» **Directions for this task**
In your copy, leave out the pictures and reproduce the listing below exactly.

» **Collected data**
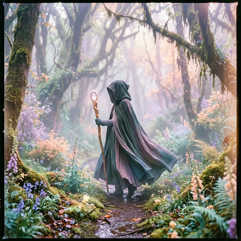 A mysterious figure, enveloped in the enigmatic ambience of a misty forest. The scene uses dreamy pastel colors, infusing the environment with a surreal and magical charm. The figure's ethereal pose only adds to the fantastical feel of this picture, making it look like a scene straight out of a fantasy novel. It's as if the vivid image was captured using an old-school vintage film camera, creating a soft lighting effect that perfectly compliments the ethereal mood of the picture.
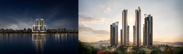 설계안에서는 하이엔드 자부심 대결이 치열하다. 두 시공사 모두 조합원 전 가구 100% 한강 조망을 전면에 내세웠다.
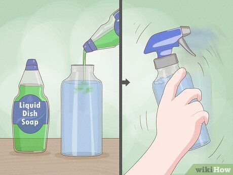 Add dish soap and shake. Pour a small amount of dish soap into the spray bottle, then close the lid and shake well to mix the solution.

» **Written answer**
 A mysterious figure, enveloped in the enigmatic ambience of a misty forest. The scene uses dreamy pastel colors, infusing the environment with a surreal and magical charm. The figure's ethereal pose only adds to the fantastical feel of this picture, making it look like a scene straight out of a fantasy novel. It's as if the vivid image was captured using an old-school vintage film camera, creating a soft lighting effect that perfectly compliments the ethereal mood of the picture.
 설계안에서는 하이엔드 자부심 대결이 치열하다. 두 시공사 모두 조합원 전 가구 100% 한강 조망을 전면에 내세웠다.
 Add dish soap and shake. Pour a small amount of dish soap into the spray bottle, then close the lid and shake well to mix the solution.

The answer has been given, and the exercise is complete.